New graphics were adopted by further properties beginning in 2021, including Major League Baseball (beginning with the 2021 postseason), college basketball (beginning with the 2021–22 season), and NASCAR (beginning with the 2022 season, similarly incorporating stylized illustrations similarly to the NFL graphics). In 2023, Fox adopted a "modernized" update to the NFL graphics at Super Bowl LVII, college football diverged with a new theme, and NHRA coverage debuted new graphics during the U.S. Nationals (via the NHRA's partnership with SMT). A new graphics package for collegiate Olympic sports by Drive Studios also debuted in 2024; it was developed primarily for Big Ten Network, and replaces the 2017 graphics on BTN properties outside of basketball and football (which use the same graphics as Fox broadcasts).

==Public service==
In February 2008, Fox Sports announced a new charitable foundation called Fox Sports Supports, which provides grants and marketing support for health-related causes. Each organization is tied to a specific events package seen on Fox Sports.
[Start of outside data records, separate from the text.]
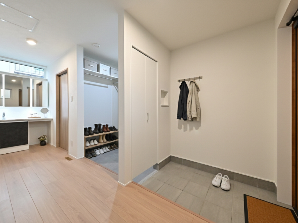 玄関、シューズクロークは広々としたスペースを確保し、使いやすさを追求した設計です。さらにホールにはワイドな洗面を配置し、のびのびと使える快適な空間に仕上げています。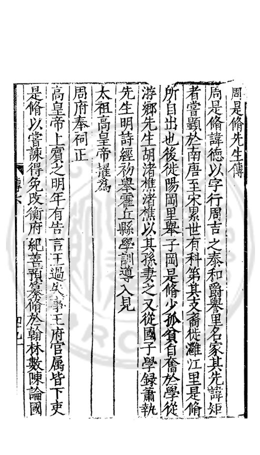 周是脩諱徳以字行周吉之泰和爵譽里名家其先諱矩者嘗顕於南唐至宋累世有科第其支裔徙灉江里是脩所自出也後徙陽岡里舉子岡是脩少孤貧自奮於學從游鄉先生胡渚樵渚樵以其孫妻之又從國子學録蕭執先生明詩經初舉霍丘縣學訓導入見太祖高皇帝擢爲周府奉祠正高皇帝上賔之明年有告言王過失事王府官属皆下吏是脩以嘗諫得免改衡府紀善預纂脩於翰林數陳論國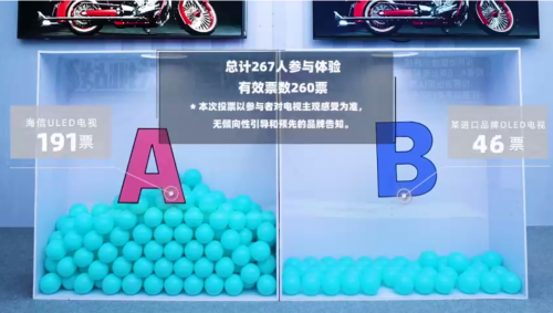 投票结果显示,参与测试的A电视是海信ULEDX新品U8H,B电视是外资品牌的OLED旗舰。在本场高端电视国货VS进口品牌电视画质大比拼中,海信ULEDX电视U8H获得了超八成测试者的投票,以压倒性优势在这场ULEDX 和OLED的碰撞中获胜。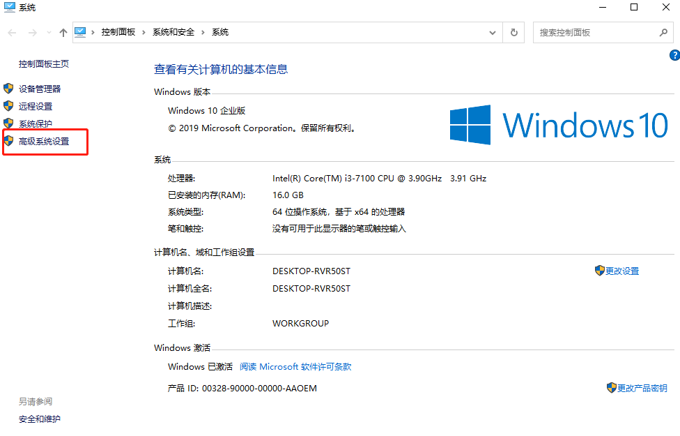 2.此時在打開的窗口中點擊左側“高級系統設置”進入,如圖所示: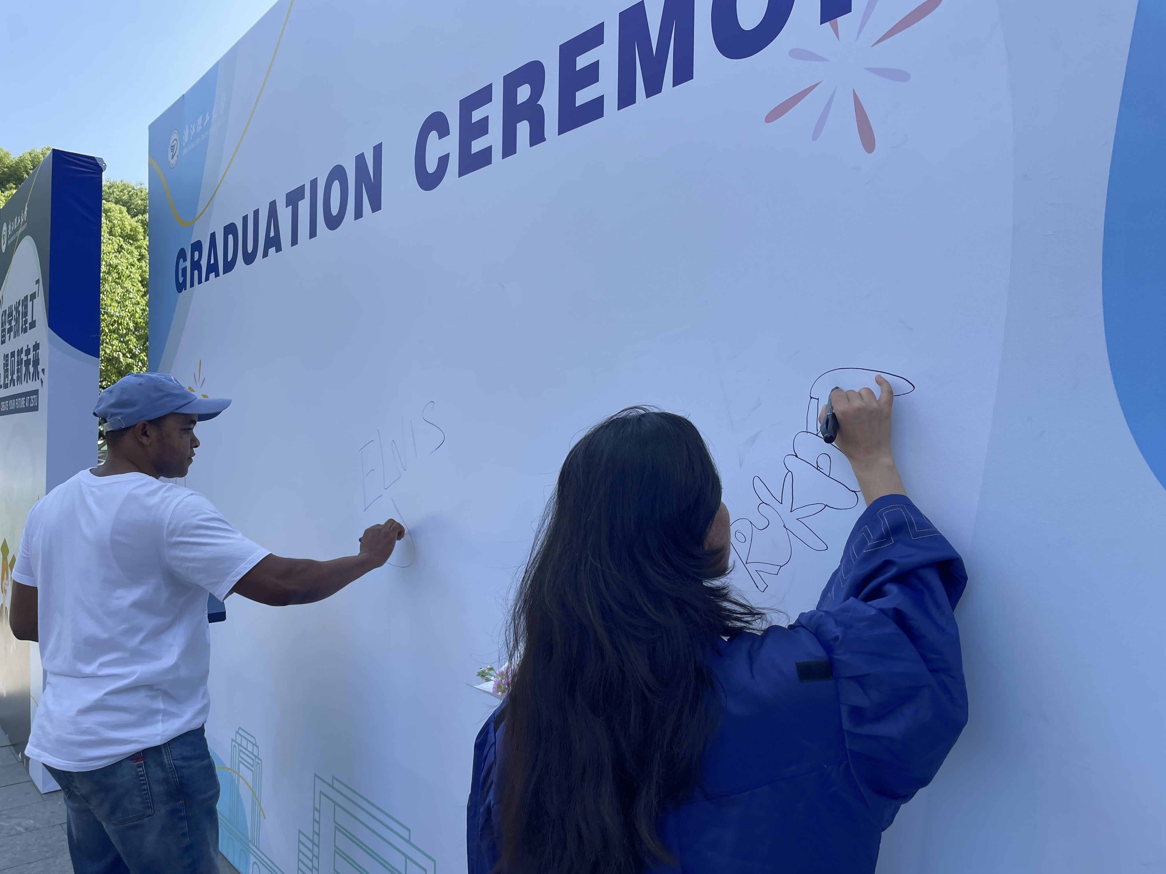 典礼前,国际学生们在签名墙上留下自己名字和毕业祝福,并合影留念,定格具有纪念意义的毕业时刻。每一位毕业生还收到了学校精心准备的围绕学校特色建筑创作的毕业礼物。

The following are the charities supported during the history of the program:

===2008–2009 cycle (began with 2008 Daytona 500)===
- NASCAR on Fox: Autism Speaks
- MLB on Fox: Make-A-Wish Foundation
- NFL on Fox: Children's Health Fund
- Fox College Football: Alzheimer's Association

===2009–2010 cycle (began with 2009 Daytona 500)===
- NASCAR on Fox: Susan G. Komen for the Cure
- MLB on Fox: The Michael J. Fox Foundation
- NFL on Fox: City of Hope National Medical Center
- Fox College Football: Malaria No More

==Gambling==
In May 2019, amid the state-by-state legalization of sports betting in the United States following the repeal of the Professional and Amateur Sports Protection Act of 1992, Fox Corporation entered into a joint venture with The Stars Group to develop gaming products under the brand Fox Bet. They included free-to-play games such as Fox Bet Super 6, and a real-money mobile sportsbook operating in several states where they are legal. The services and games were co-promoted on Fox Sports properties, including the Fox Sports 1 studio program Fox Bet Live (formerly Lock it In). As part of the agreement, Fox Corporation acquired a 4.99% stake in The Stars Group, which was later acquired by Flutter Entertainment. Fox holds a 2.6% minority stake in Flutter, and was given an option to acquire up to 18.5% of its U.S. division FanDuel in 2021.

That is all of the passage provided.